The Architecture of the Inner City: How We Build Our Inner Space

Alongside the external space that surrounds us, every person also has an inner, sacred space where thoughts, beliefs, ideas, and plans reside – a worldview governed by the unique laws of an individual personality.
At the intersection of challenging times, our mental space is constantly undergoing transformation, just like the world around us. War, the overwhelming pace of technological progress, uncertainty, and a multitude of personal concerns place us on a construction site. We find ourselves at the epicenter of continuous loss and rebuilding. This profoundly drains our resources.

How can we support ourselves? Every evening, we take off our social facades and are left face to face with the ruins of exhaustion and the impossibility of keeping up with the whirlwind of events.
The answer can be found through the metaphor of a city. When our inner foundations begin to shake, we can turn to the materials themselves for support – learning resilience from stone and flexibility from wood.
Try to look at architectural structures not simply as buildings, but as frozen emotions, feelings, and states. This is where our perception begins to expand. The next time you walk through your city, try to “unsee” the concrete boxes and look at them through the lens of empathy.

Contemplating architecture changes our perspective. Like any form of art that draws its material from raw, painful life but adds something that pain alone does not contain – meaning and form. The same applies to our inner city. When there is too much chaos, we need to give it shape. So how do we begin our own reconstruction?
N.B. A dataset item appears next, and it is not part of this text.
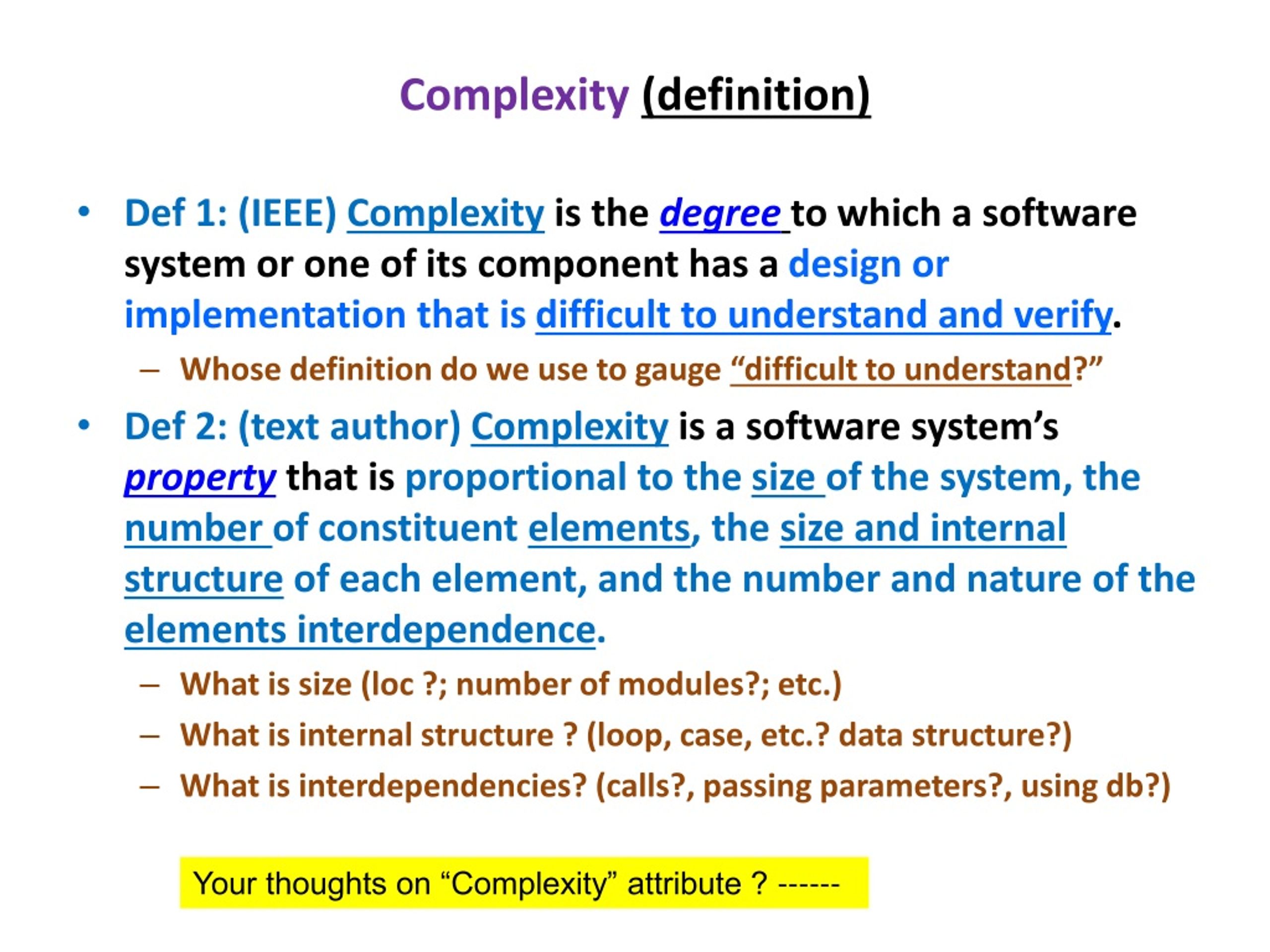 Complexity(definition) • Def 1: (IEEE) Complexityis thedegreeto which a software system or one of its component has a design or implementation that is difficult to understand and verify. • Whose definition do we use to gauge “difficult to understand?” • Def 2: (text author) Complexity is a software system’s property that is proportional to the size of the system, the number of constituent elements, the size and internal structure of each element, and the number and nature of the elements interdependence. • What is size (loc ?; number of modules?; etc.) • What is internal structure ? (loop, case, etc.? data structure?) • What is interdependencies? (calls?, passing parameters?, using db?) Your thoughts on “Complexity” attribute ? ------

We can start with the simplest foundation – basic geometry, which directly influences our psycho-emotional state. Simple geometric shapes, recognized by the subconscious on an archetypal level, can become the very “bricks” of restoration:
• Want to feel safe – draw circles; they are like walls around your city, restoring boundaries and offering protection.
• Seeking stability, calm, and grounding – draw squares; these are the foundations of buildings and your support.
• Need a breakthrough and activation of stagnant energy – turn to triangles; they are spires that pierce through stagnation.
• When thoughts become overwhelming, we transfer them onto paper as irregular lines resembling cracks in walls – simply observing and recording them before beginning repairs.
This becomes a kind of “inventory” and clearing of space for new construction.

Sometimes anxiety, grief, or pain become so overwhelming that they literally “tear” us apart from within, threatening to destroy our inner architecture. In such moments, we need a reliable container. So we transfer this state onto paper. Lines and shapes have clear boundaries. The page has edges. As we draw, we tell our psyche: “Here is a place that can hold my feelings. I am no longer drowning in them; they are safely contained here on the paper.”

Having found this sense of safety on the page, we can take the next step – it becomes essential to find within ourselves a special place: an imagined quiet room or a courtyard with a garden. This is a space where the sounds of sirens and deadline alarms cannot reach, where absolute silence is always preserved. Meditation becomes the key that unlocks the door to this untouched space.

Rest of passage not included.